Tuesday, August 19, 2014

We Have NOT Forgotten the Anal Acoustics

Apparently, this story isn't apocryphal, and I've always loved those deadpan moments that Queen Elizabeth gave us 400+ years ago. Once upon a time, the Earl of Oxford broke wind in Her Majesty's presence and was so embarrassed that he left Court and didn't return for years. When he did show up again, the old Queen looked at him and commented, "My Lord, I had forgot the fart."

I'm reminded of that piece of royal irony when viewing the new Thom Tillis television ad:



Mr. Tillis clearly wants us to forget the fart, the three-plus years he's presided over the dismantlement of what's good and even noble about North Carolina among all over Deep South states. Notice that the one job he fails to mention in this TV ad is the job he's held as Speaker of the NC House. But when he talks about "the mess" that's been created, he wants us to think "Washington." I think "Raleigh," and I think Thom Tillis.

Nice try, Mr. Tillis! But the odor of your deeds hangs heavy in the air.

Don't You Love the Smell of Republican Panic in the Morning?

It's becoming clear that the real reason that Art Pope resigned as state budget director is that his Republican troops in the General Assembly, so expensively elected in 2010 to take North Carolina down the smelly rabbit hole we're now buried in, are about to get some comeuppance from the voting public. Pope is the grand strategist Daddy Warbucks of the Right-Wing Takeover, and apparently the knuckleheads need him now more than ever. He quit state government in order to save it, at least his twisted version of it.

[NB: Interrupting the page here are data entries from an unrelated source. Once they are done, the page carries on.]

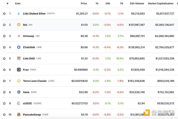 DeFi项目锁定资产前十排名及锁仓量 数据来源:defillama
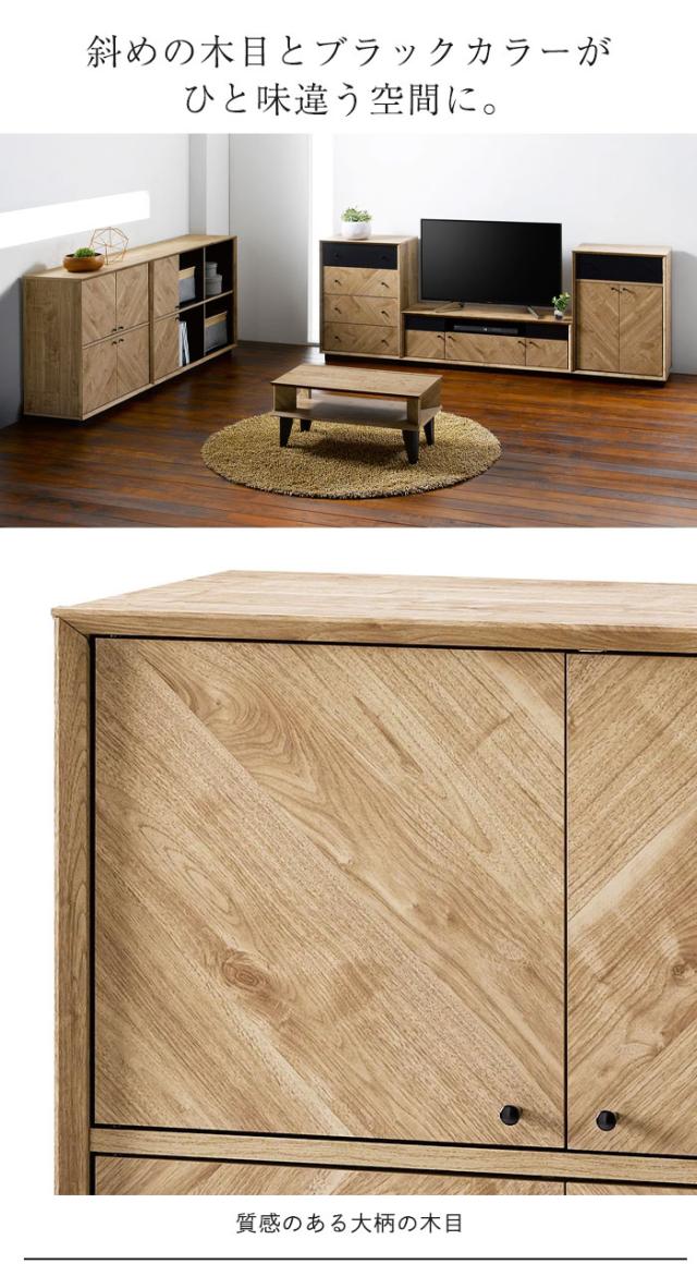 | 斜め方向に木目が入る特徴的な矢張り調のチェスト。 天然木のような風合いのシートを採用。 木目がしっかりと見える質感のある木目化粧にアンティーク調のブラック取っ手が印象的。 木扉内は高さに合わせて調節できる便利な可動棚で隠して置きたい小物やソフト類をスッキリ収納できます。 引き出し部スライドレールで開け閉めスムーズ。 |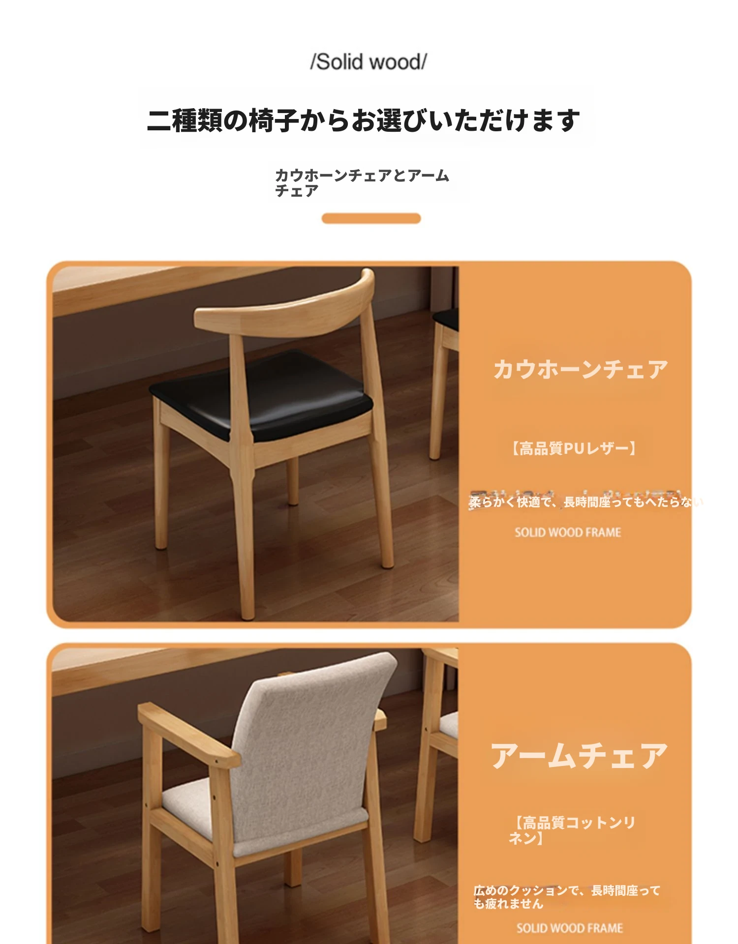 ウォールナット色の単テーブル+カウホーンチェア*2(テーブルトップ4cm厚)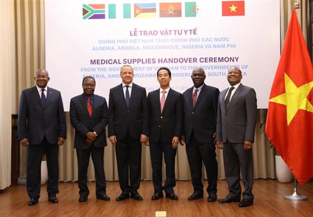Hanoi, July 31 (VNA) - Deputy Foreign Minister To Anh Dung on July 30 presented medical supplies from the Vietnamese Government worth 250,000 USD to the five African countries of Algeria, Angola, Mozambique, Nigeria, and South Africa, to help them battle COVID-19. The aid package comprises Made-in-Vietnam antimicrobial and medical masks and test kits for SARS-CoV-2, which causes COVID-19. Speaking at the handover ceremony, Dung underlined that the pandemic has spread all over the world with complex and unpredictable developments. As Vietnam and African countries have nurtured traditional friendships, the Vietnamese Government decided to offer part of its resources to support the governments and people of these countries. The beneficiaries supported Vietnam during the country’s struggle for re-unification in the past and development and integration in the present, Dung added. He also spoke highly of the stringent and effective measures adopted by the governments as well as the determination of the people in the African countries in battling COVID-19, affirming that Vietnam is ready to share experience in pandemic prevention and combat with African nations and international friends. Ambassadors from recipient countries thanked the Vietnamese Government and people for the valuable assistance, describing it as proof of the traditional friendship between the countries and Vietnam. They also praised Vietnam’s achievements in fighting the pandemic over the past time and pledged to closely coordinate and step up cooperation with the Southeast Asian country in mitigating the socio-economic impact of COVID-19 and enhancing recovery in the post-pandemic period./.

Thomas Mills details the approaching tsunami through recent polling of individual races for General Assembly seats, where Republican incumbents -- even in gerrymandered districts thought to be safe for Republicans -- are experiencing dissatisfaction and underwater polling numbers. Mills says that their "fix" for their own dismal lack of popularity is to begin early the usual deluge of negative mail, mainly saying Obamacare as often as possible and trying to tie their Democratic challengers to the Washington of Barack.

Ain't working. Their "favorability" rankings are actually worse than Obama's in state polling.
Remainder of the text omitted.